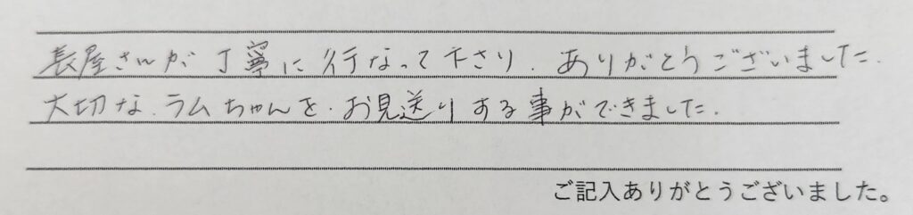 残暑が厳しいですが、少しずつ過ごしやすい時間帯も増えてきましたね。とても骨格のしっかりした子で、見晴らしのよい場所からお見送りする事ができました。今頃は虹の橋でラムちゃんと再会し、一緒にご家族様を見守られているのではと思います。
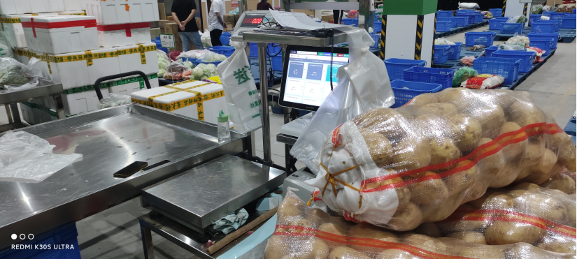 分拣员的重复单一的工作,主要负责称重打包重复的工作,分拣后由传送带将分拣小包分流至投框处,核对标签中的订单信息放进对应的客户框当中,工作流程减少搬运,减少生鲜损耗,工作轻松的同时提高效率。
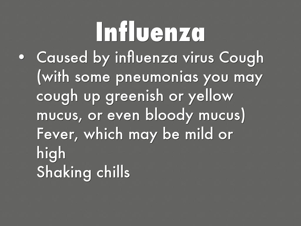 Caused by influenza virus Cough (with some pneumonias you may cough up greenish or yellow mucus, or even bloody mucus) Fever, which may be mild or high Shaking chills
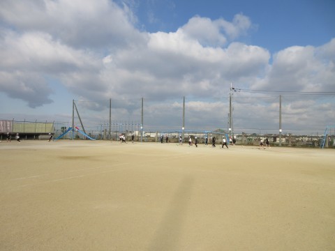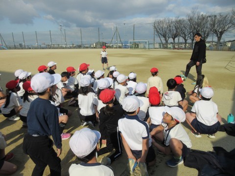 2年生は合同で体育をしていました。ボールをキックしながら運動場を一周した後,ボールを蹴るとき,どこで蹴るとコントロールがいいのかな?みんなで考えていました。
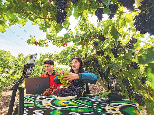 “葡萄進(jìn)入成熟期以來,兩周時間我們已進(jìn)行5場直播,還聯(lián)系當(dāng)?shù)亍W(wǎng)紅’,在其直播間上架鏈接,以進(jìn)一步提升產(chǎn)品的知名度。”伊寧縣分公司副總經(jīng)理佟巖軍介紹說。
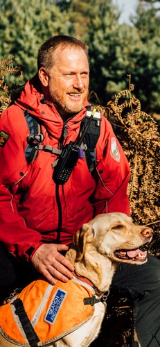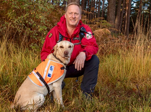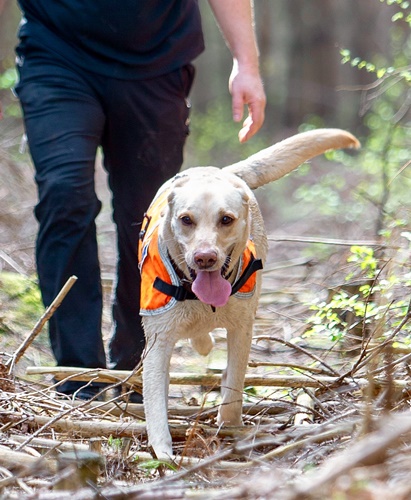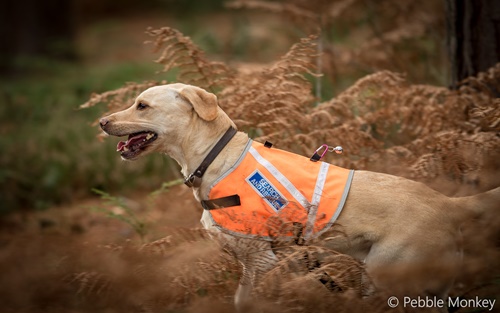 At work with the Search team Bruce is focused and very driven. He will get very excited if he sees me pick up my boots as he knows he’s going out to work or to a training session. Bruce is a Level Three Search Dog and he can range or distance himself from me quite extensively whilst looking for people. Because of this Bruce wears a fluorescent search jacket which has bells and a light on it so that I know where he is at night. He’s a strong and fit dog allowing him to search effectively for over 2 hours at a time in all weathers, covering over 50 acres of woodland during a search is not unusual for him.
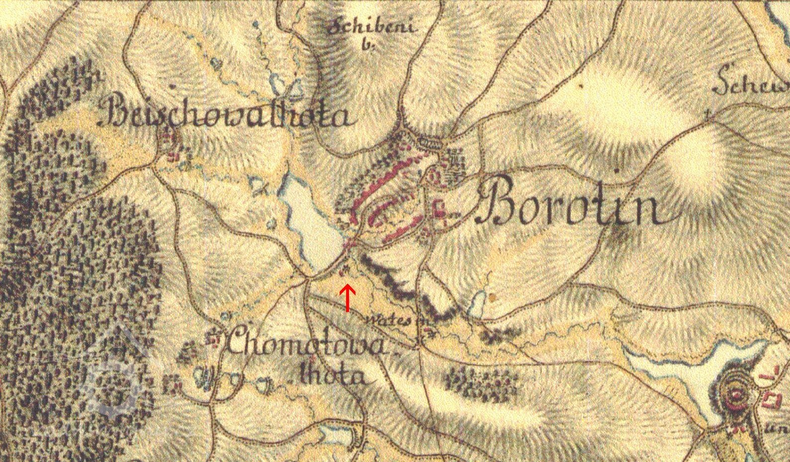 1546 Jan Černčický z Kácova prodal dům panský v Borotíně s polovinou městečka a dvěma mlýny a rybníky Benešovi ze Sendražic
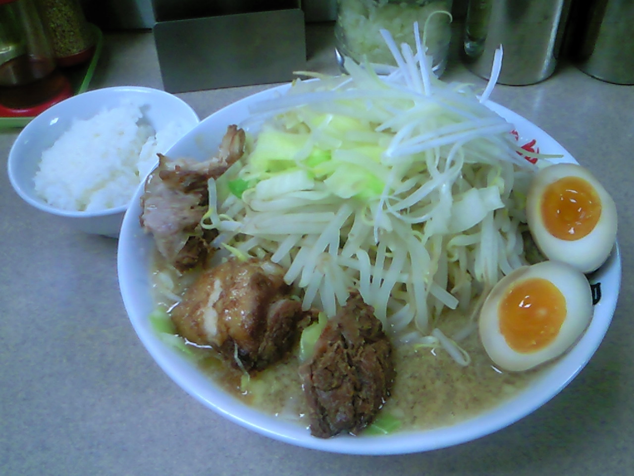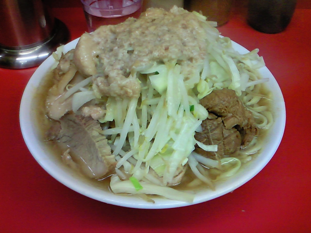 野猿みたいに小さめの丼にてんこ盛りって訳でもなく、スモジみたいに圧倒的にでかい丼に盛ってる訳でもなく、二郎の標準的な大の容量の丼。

REQUIRED WORK: Up in the listing, locate the line with "2年生は合同で体育をしていま"; print it and every line after it down to the line with "1546 Jan Černčický", which is included too. Skip the pictures.

ANSWER TO THIS EXERCISE:
 2年生は合同で体育をしていました。ボールをキックしながら運動場を一周した後,ボールを蹴るとき,どこで蹴るとコントロールがいいのかな?みんなで考えていました。
 “葡萄進(jìn)入成熟期以來,兩周時間我們已進(jìn)行5場直播,還聯(lián)系當(dāng)?shù)亍W(wǎng)紅’,在其直播間上架鏈接,以進(jìn)一步提升產(chǎn)品的知名度。”伊寧縣分公司副總經(jīng)理佟巖軍介紹說。
 At work with the Search team Bruce is focused and very driven. He will get very excited if he sees me pick up my boots as he knows he’s going out to work or to a training session. Bruce is a Level Three Search Dog and he can range or distance himself from me quite extensively whilst looking for people. Because of this Bruce wears a fluorescent search jacket which has bells and a light on it so that I know where he is at night. He’s a strong and fit dog allowing him to search effectively for over 2 hours at a time in all weathers, covering over 50 acres of woodland during a search is not unusual for him.
 1546 Jan Černčický z Kácova prodal dům panský v Borotíně s polovinou městečka a dvěma mlýny a rybníky Benešovi ze Sendražic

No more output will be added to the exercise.